BEGIN STORED DATA

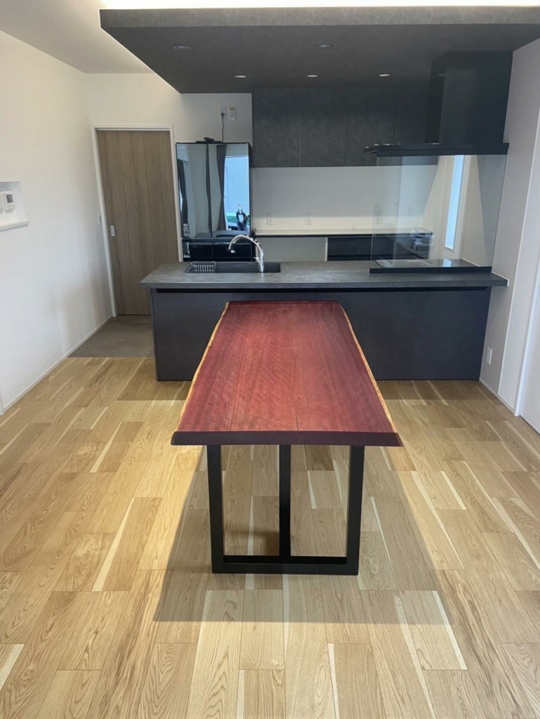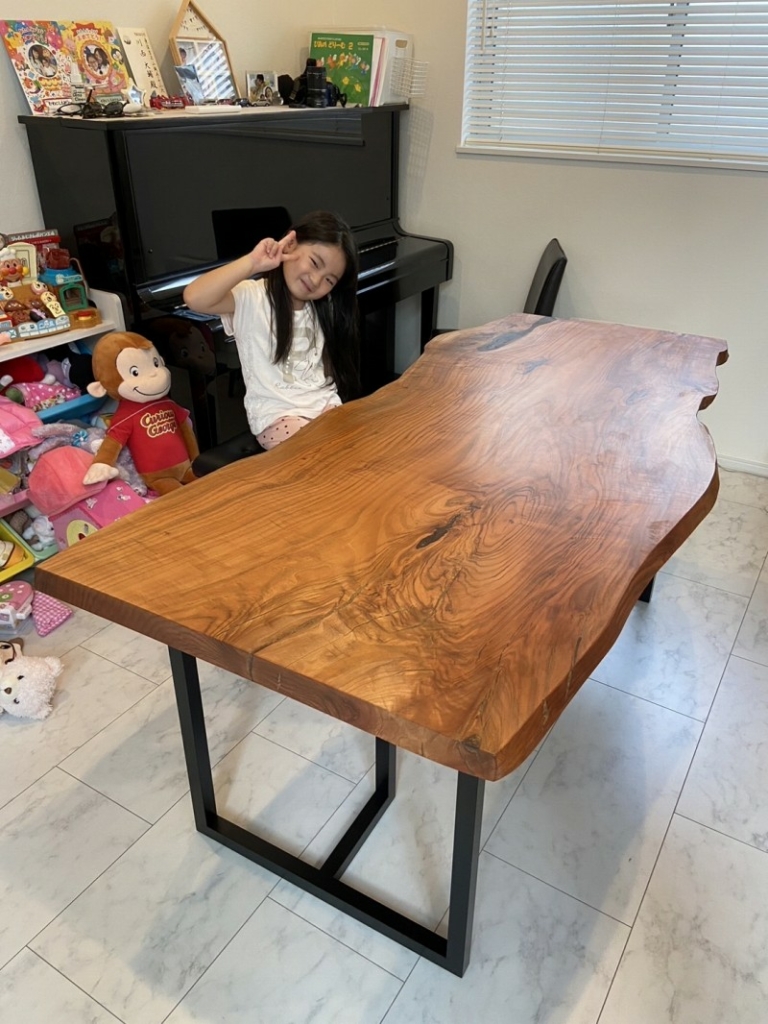 新婚のお客様でご両親が一枚板を当店で買って頂いており、
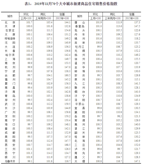 国家统计局12月16日发布消息,国家统计局今日发布了2019年11月份70个大中城市商品住宅销售价格变动情况统计数据。对此,国家统计局城市司首席统计师孔鹏表示,11月份商品住宅销售价格走势总体平稳。
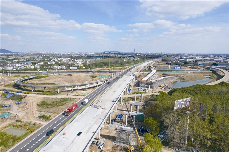 沪武高速公路扩建工程江阴段全线采用双向八车道高速公路标准进行扩建,长度约33.174公里,设计时速120公里。项目扩建后,将设互通式立交5处,有效缓解区域交通拥堵,加强地区间的沟通交流,促进沿线地方经济社会高质量发展。图为正在建设中的沪武高速徐霞客枢纽。(丁家骏 摄)
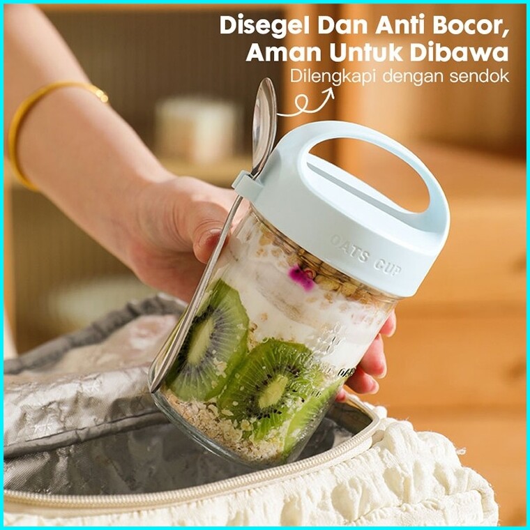 Eatkit Gelas Kaca Oatmeal 350ml Dengan Tutup Anti Tumpah Free Sendok Stainless Glass Cup Mug Salad
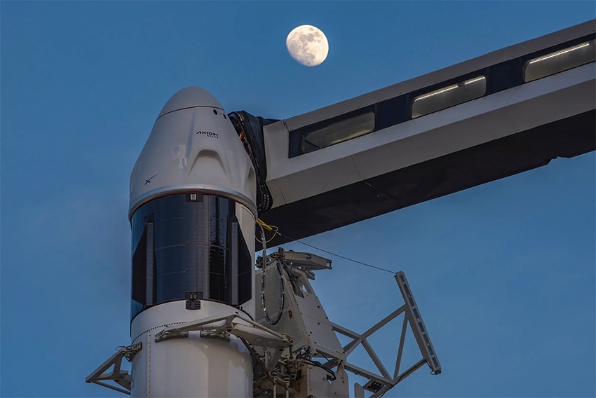 Not launching just yet. The AX-4 Dragon spacecraft atop SpaceX’s Falcon 9 at Kennedy Space Center, Florida | Photo: SpaceX
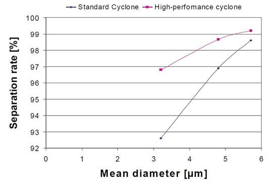 喷雾干燥过程的分离性能主要是通过测量所收集粉体的质量,并与初始重量的比值来确定的。这仅仅反映了整个过程,并没有量化旋风本身的分离能力。因此,没有在旋风中分离的粉末是通过深床聚酯纤维过滤器来测量的。将高效旋风分离器与标准旋风分离器进行了比较,它们都涂有静电涂层。将不同浓度的盐溶液进行喷雾干燥,得到不同的粒度分布,用激光衍射分析仪测量。当浓度 1% ~ 20% (w/w)时,平均直径变化 3.2 ~ 5.7 μm 之间、/p>
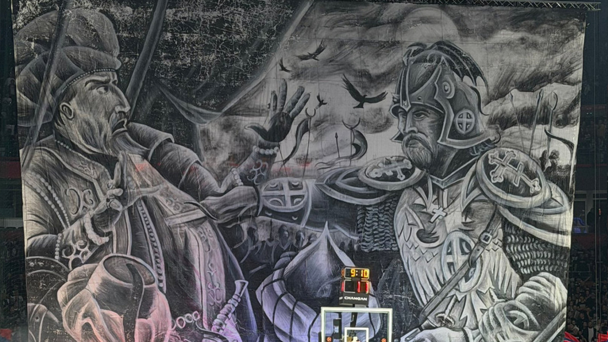 Maç sırasında Partizan tribünleri, 1389’daki I. Kosova Savaşı’nda Osmanlı Padişahı I. Murad’ı hançerleyerek öldüren Milos Obiliç’i tasvir eden bir pankart açtı. Tribünlerden aynı anda Türkler aleyhine uzun süre sloganlar yükseldi.
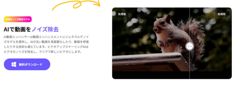 - 動画修復機能:ぼやけや破損など、劣化した動画をAIの力で自動修復する機能が無料で利用できます。
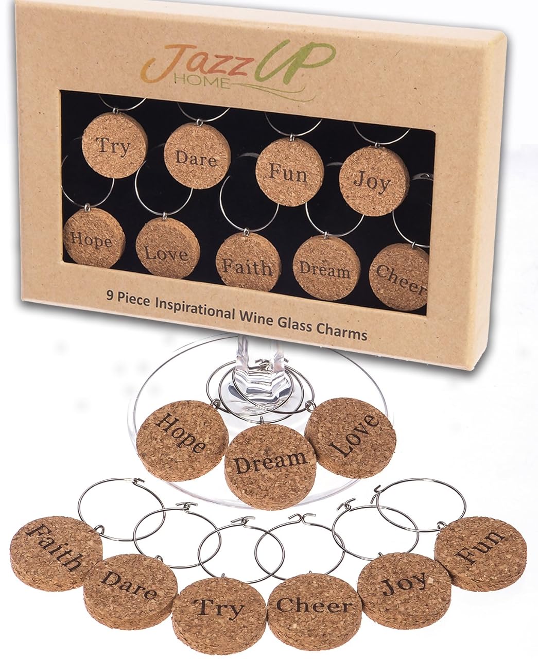 You buy Inspirational Wine Charms Gift Set | 9 Corked Cocktail or Wine Glass Markers w/ Motivational Wordswith Coupon : GOO30 will be discounted 30% price
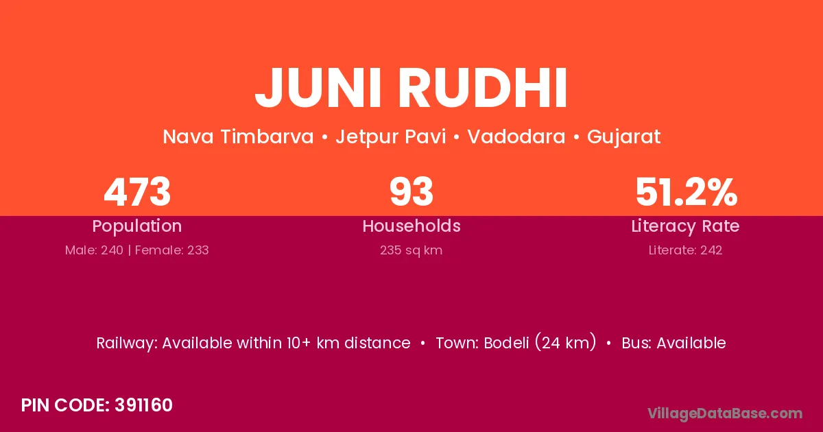 Bodeli (24 km) is the nearest town to Juni Rudhi village for major economic activities and is located approximately 24 km away.
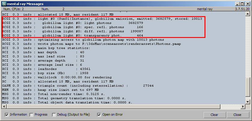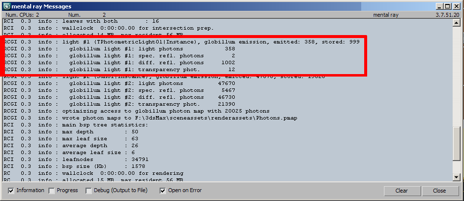 Para lograrlo vamos a valernos de una herramienta que nos permite ver valores generados por el programa, la herramienta es el Mental Ray message Windows.
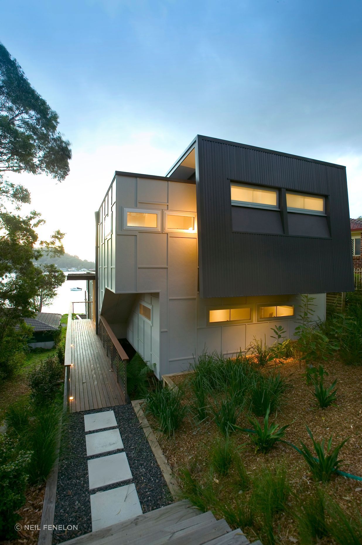 ArchiPro Project Summary - Innovative design of Jetty House features a long, lightweight form that harmonizes with its steeply sloping site, maximizing views and natural light while utilizing a blend of materials to create a striking yet functional living space.
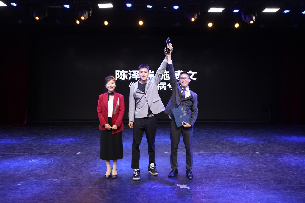 王昱华老师(左)为“最佳影片”获奖选手颁奖
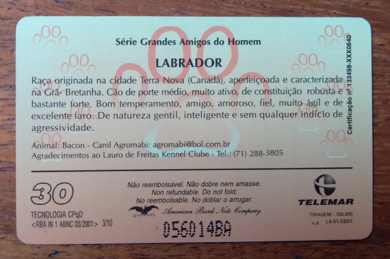 Especificação: Brasil Telemar 2001 / Grandes Amigos do Homem 3 / Labrador ct indutivo.
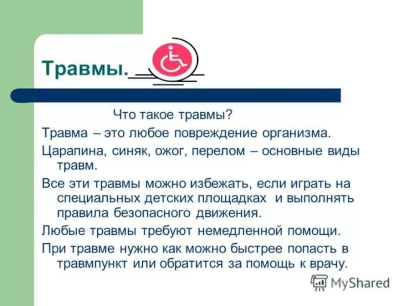 Презентация, доклад на тему Консультация для родительского собрания на тему: Детский травматизм

END STORED DATA

WHAT THE TASK REQUIRES:
Give the entries again exactly. Pictures stay out.

ANSWER TO THE EXERCISE:
 新婚のお客様でご両親が一枚板を当店で買って頂いており、
 国家统计局12月16日发布消息,国家统计局今日发布了2019年11月份70个大中城市商品住宅销售价格变动情况统计数据。对此,国家统计局城市司首席统计师孔鹏表示,11月份商品住宅销售价格走势总体平稳。
 沪武高速公路扩建工程江阴段全线采用双向八车道高速公路标准进行扩建,长度约33.174公里,设计时速120公里。项目扩建后,将设互通式立交5处,有效缓解区域交通拥堵,加强地区间的沟通交流,促进沿线地方经济社会高质量发展。图为正在建设中的沪武高速徐霞客枢纽。(丁家骏 摄)
 Eatkit Gelas Kaca Oatmeal 350ml Dengan Tutup Anti Tumpah Free Sendok Stainless Glass Cup Mug Salad
 Not launching just yet. The AX-4 Dragon spacecraft atop SpaceX’s Falcon 9 at Kennedy Space Center, Florida | Photo: SpaceX
 喷雾干燥过程的分离性能主要是通过测量所收集粉体的质量,并与初始重量的比值来确定的。这仅仅反映了整个过程,并没有量化旋风本身的分离能力。因此,没有在旋风中分离的粉末是通过深床聚酯纤维过滤器来测量的。将高效旋风分离器与标准旋风分离器进行了比较,它们都涂有静电涂层。将不同浓度的盐溶液进行喷雾干燥,得到不同的粒度分布,用激光衍射分析仪测量。当浓度 1% ~ 20% (w/w)时,平均直径变化 3.2 ~ 5.7 μm 之间、/p>
 Maç sırasında Partizan tribünleri, 1389’daki I. Kosova Savaşı’nda Osmanlı Padişahı I. Murad’ı hançerleyerek öldüren Milos Obiliç’i tasvir eden bir pankart açtı. Tribünlerden aynı anda Türkler aleyhine uzun süre sloganlar yükseldi.
 - 動画修復機能:ぼやけや破損など、劣化した動画をAIの力で自動修復する機能が無料で利用できます。
 You buy Inspirational Wine Charms Gift Set | 9 Corked Cocktail or Wine Glass Markers w/ Motivational Wordswith Coupon : GOO30 will be discounted 30% price
 Bodeli (24 km) is the nearest town to Juni Rudhi village for major economic activities and is located approximately 24 km away.
 Para lograrlo vamos a valernos de una herramienta que nos permite ver valores generados por el programa, la herramienta es el Mental Ray message Windows.
 ArchiPro Project Summary - Innovative design of Jetty House features a long, lightweight form that harmonizes with its steeply sloping site, maximizing views and natural light while utilizing a blend of materials to create a striking yet functional living space.
 王昱华老师(左)为“最佳影片”获奖选手颁奖
 Especificação: Brasil Telemar 2001 / Grandes Amigos do Homem 3 / Labrador ct indutivo.
 Презентация, доклад на тему Консультация для родительского собрания на тему: Детский травматизм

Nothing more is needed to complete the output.